The Canadian marijuana market continues to evolve in 2020. National recreational sales are growing at a rapid pace across the country with August cannabis retail sales reaching the $244.9 million mark, up 94% year over year.
However, most investors in marijuana stocks are sitting on steep capital losses, as the major cannabis market players, including Canopy Growth (TSX:WEED)(NYSE:CGC), Aphria (TSX:APHA)(NASDAQ:APHA), and Aurora Cannabis (TSX:ACB)(NYSE:ACB), struggle to impress a disappointed investor community.
Most of the challenges facing the nascent cannabis industry have to do with its evolving market structure. They include fast-growing rivalry among incumbents, a rapid influx of new entrants, strong bargaining power of a few buyers, and the threat of close substitutes from a resilient illicit market. I will briefly touch on these four items.
An influx of new market entrants
The threat of new competitive entrants significantly impacts industry profitability. There’s an ongoing influx of new players into the Canadian marijuana market.
Health Canada is flooding the marijuana industry with new market entrants right now. The number of applicants that have received licences rose to 525 by October 27, up from 269 at the end of 2019. Nearly half (48.8%) of total cannabis business licence holders since 2013 were granted their licences within the first 10 months of this year. That’s quite a number.
A sudden influx of new entrants into the game exerts pressure on incumbent players. A significant number of new licensees target micro-cultivation and the medical cannabis market. This was a key segment where healthy gross margins remained after price wars eroded margins in the adult-use dry flower market.

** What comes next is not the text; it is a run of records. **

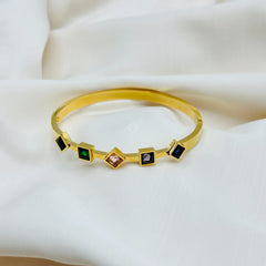 Design : Bracelet rigide avec des pierres précieuses multicolores en forme de carrés et de losanges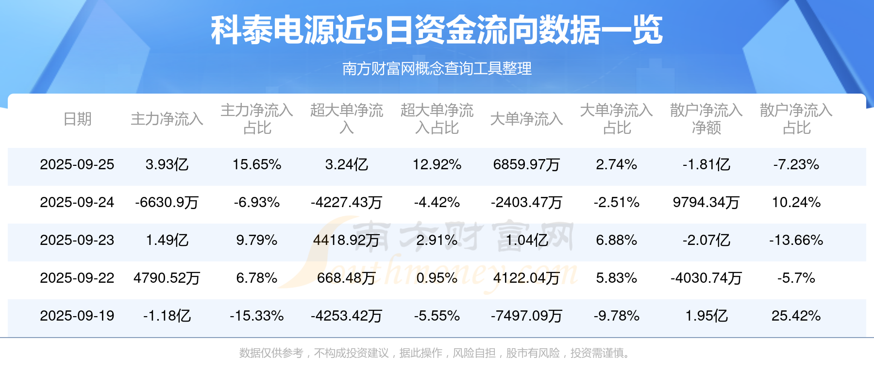 9月25日消息,科泰電源資金凈流入3.93億元,超大單資金凈流入3.24億元,換手率19.34%,成交金額25.08億元。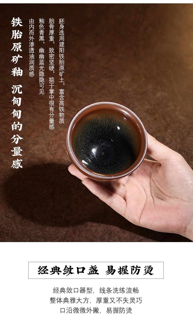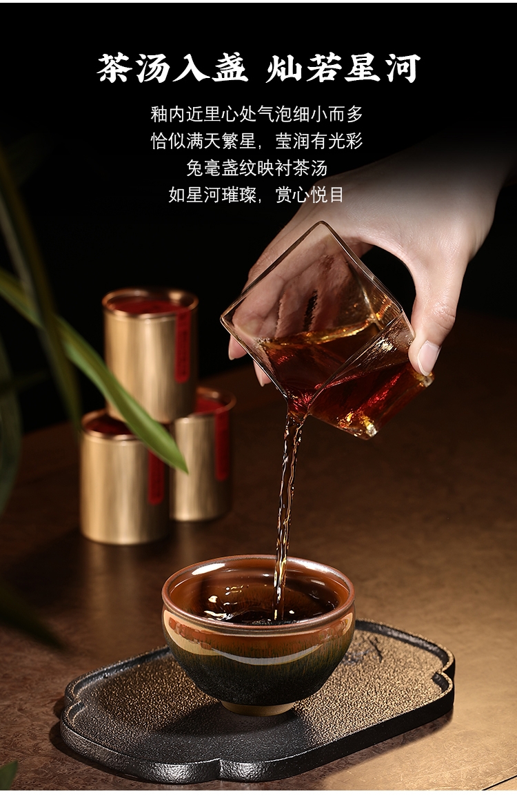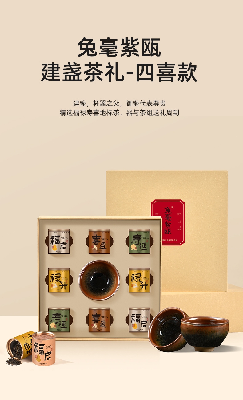 建盏,杯器之父,御盏代表尊贵;精选福禄寿喜地标茶,器与茶组送礼周到;经典敛口盏易握防烫
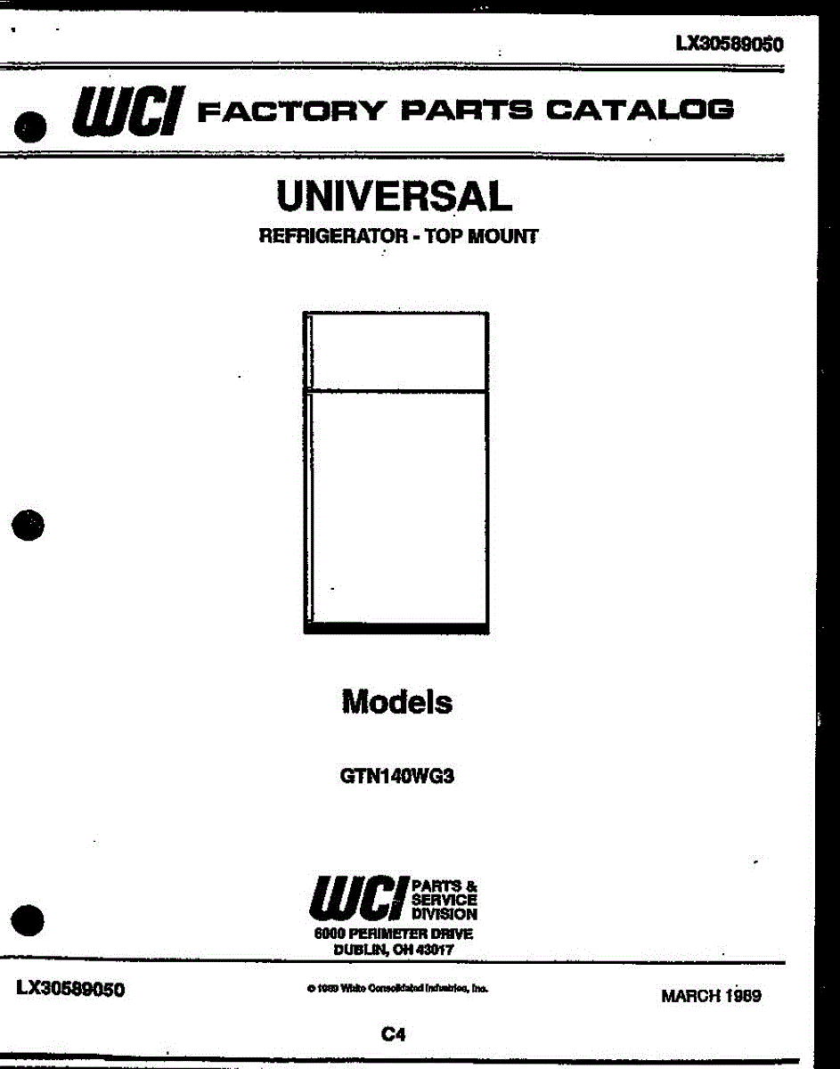 Parts for Frigidaire GTN140WGV3: 01 - Cover Parts

Medical marijuana margins will most likely shrink in the coming months, as new players promote new products to gain market share. The vapes and edibles segment could see price wars too, as new players disrupt the game.
Strong bargaining power of cannabis buyers
Due to regulatory design, the Canadian cannabis market is heavily controlled by a few large institutional buyers who control pricing. The provinces hold the clout in this industry. They are at times the sole wholesale buyer of the product.
Although Alberta, Ontario, and the Yukon somehow opened up the retail space to free-market players, (with strict licensing requirements), online stores remain the preserve of provincial bodies in most instances.
A few large buyers aren’t the best recipe for success in any market set-up. They can bargain competitively and chew up manufacturing margins from licensed producers.
Most noteworthy, I don’t like it when over 80 sellers try bargaining with just one buyer at any one time. Such is the case in Ontario. Worse still, the province is on a campaign to outmaneuver the illicit marijuana market in a price war. The Ontario Cannabis Store managed to undercut the illegal market price points for the first time ever recently.
The point is, the government has the pricing power, and producers are price takers. They have little influence on margins besides lowering production costs. Yet they still need to pay licensing costs and incur significant regulatory compliance expenses. Profitability may remain a pipedream for some.
Cheap substitutes from illicit market dealers
As mentioned above, for the first time ever in Ontario, consumers could buy legal cannabis products at a lower price than the illegal market in October 2020. Law enforcement has been vigilant in fighting the illicit pot market after seizing over $143 million worth of inventory recently.
However, the real threat to industry margins still remains. Illegal players have lower operating expenses, and they will remain a threat to industry pricing power and margins for decades. Licensed pot companies will remain mindful of this threat and will keep prices low enough to remain competitive.
Growing industry rivalry
Price competition is a deadly game in any industry. Yet cannabis players enjoy undercutting each other right now. Some will say HEXO started it. Yes, it needed volume growth to survive. Aurora followed, it had the same target. Almost everyone has a value brand now, and average prices keep falling. Margins are being thrown out the window.
Will the intense rivalry ever stop? I wouldn’t know, but the whole industry may continue to feel the pain of low margins for a long time.